"You are the daughter of Albert Dave Nicholas Terrent," said the old man. "Chris, show the young lady the DNA results."

Haughty, dressed in a tuxedo man in his forties stepped out from behind a closet and handed me a folder. Terrence's workroom, by the way, is not pompous or glittering luxury, very cozy, calm, and conducive to some kind of scientific work or writing.

I sat down at the guest table and looked through the papers. Oh, how interesting: the comparison was only based on blood samples that Albert had left for his doctors, but no analysis of my DNA and Dave's. It's understandable why a week ago at my grandmother's hospital, an unfamiliar nurse approached me and asked for a DNA sample, allegedly for a possible blood transfusion if my grandmother's one was incompatible with the donor blood. And why Dave didn't divorce her and acknowledged her son as his, I'm not interested.

I closed the folder and wanted to talk about inheritance and compensation, but Terrent beat me to it: "I want to correct a long-standing mistake," he said. "I was in vain to forbid my heir to marry an illegal immigrant colored woman."

"What?!" I looked at Terrent in complete bewilderment. "Colored" — this is the obvious thing, a small part of black and Asian blood is visible in me, but there are a lot of them in Alnorria, and I never felt slighted.

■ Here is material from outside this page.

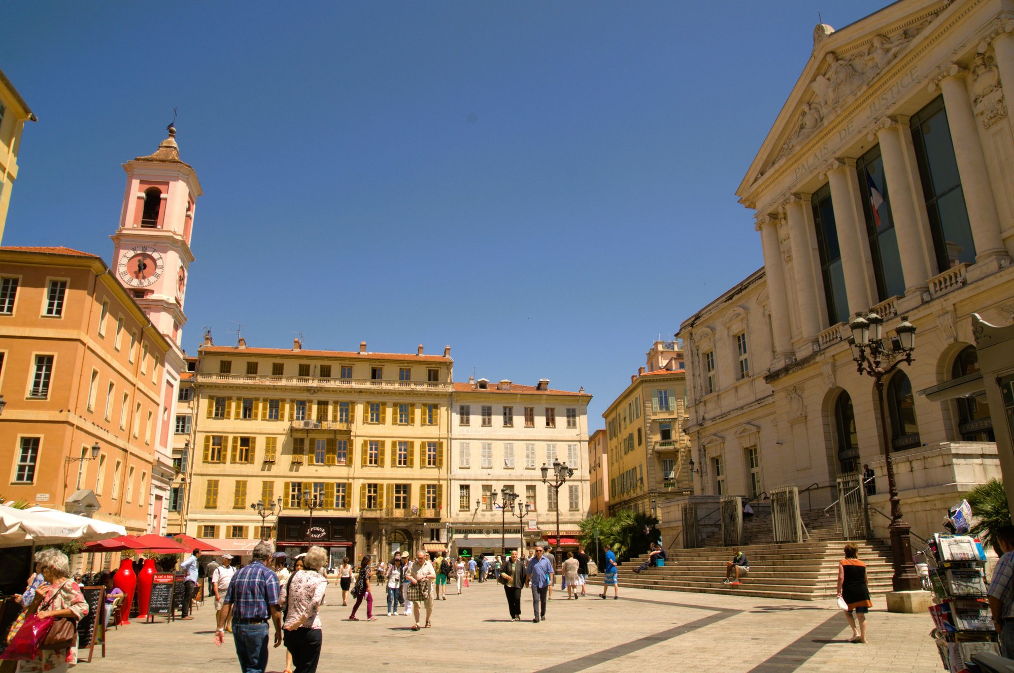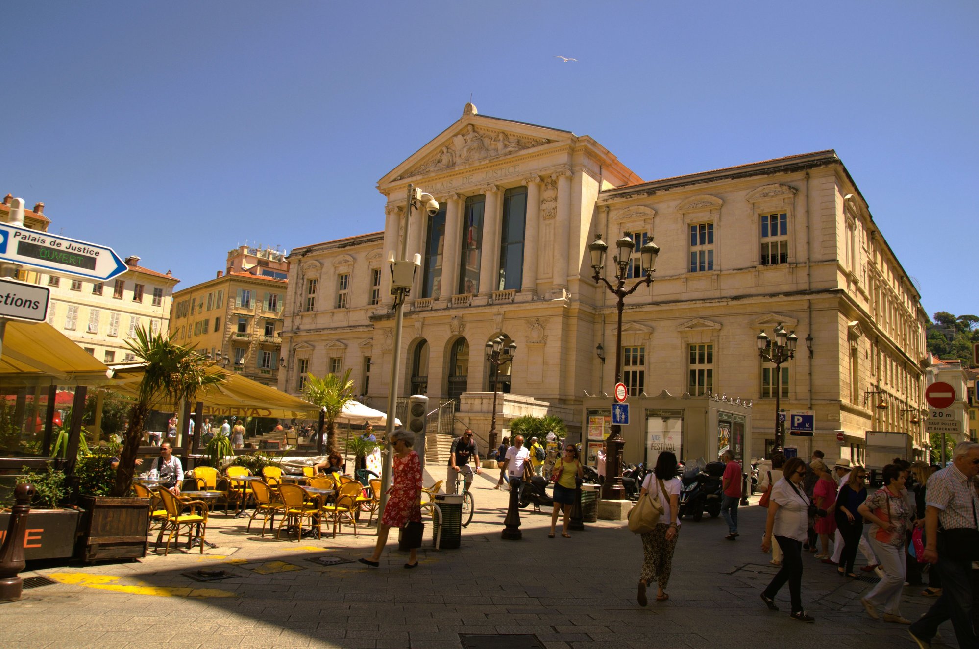 Palais de Justice stands on one of the busiest squares in Nice. It is located in the heart of the city, surrounded by numerous terraced restaurants as well as the Tour de l'Horloge, located next door.

But "illegal" is strange.

"Your grandmother and mother came to Alnorria from Rudlig. Refugees who sneaked into the country by stealth."

"You did the right thing," I replied before I understood what I was saying and before I realized the new information.

Is Rudlig? But my granny said that she was a descendant of Filipino refugees who, back in the early seventies of the last century, during the next Philippine political and economic crisis, moved to a country that was calmer and richer. I never heard of Rudlig from my granny. But she often said that if life in the country is bad, and you do not have the strength and rights to improve at least something, you need to flee to a normal country and forget your former life forever like a bad dream.

Granny is fluent in two of the three official Allnorrian dialects and has some knowledge of the third, and her accent... It's missing against the backdrop of how all Alnorrianishes speak: a foreigner is often easier to understand than a neighbor because the foreigner tries to follow the standard of the textbook, and the Alnorrianishes in each city have their own language. I live in a more or less prosperous area, the school is sponsored here, so there are relatively good teachers who are not too lazy to give students at least some standard pronunciations in all three official dialects.

"I promised your mother and grandmother not to tell the authorities about their fake passports," Dave said. "And they promised to forget about their connection with the Terrent family. Otherwise, your mother and grandmother would have been jailed for forgery and then deported to Rudlig. Or they would be deported immediately. You too are subject to deportation as being born in Alnorria doesn't confer its citizenship."

"But my father's citizenship makes me a full-fledged Alnorrianish," I protested. "And all Albert's property is mine."

"But your grandmother has no rights," Dave objected. "She will fly out of the country like a bullet."

"But she's not going to Rudlig. Granny will live as a refugee in Greece or Montenegro while I ignite the fire of the Alnorrianish human rights activists and feminists. Oh!" I thought. "I can also involve the Antimonopoly Commission and the Association for the Protection of Consumer Rights."

Dave laughed.

"You are the real Terrent! And a little plebeian blood is sometimes useful, it refreshes the family. You are good material that one to make an heir."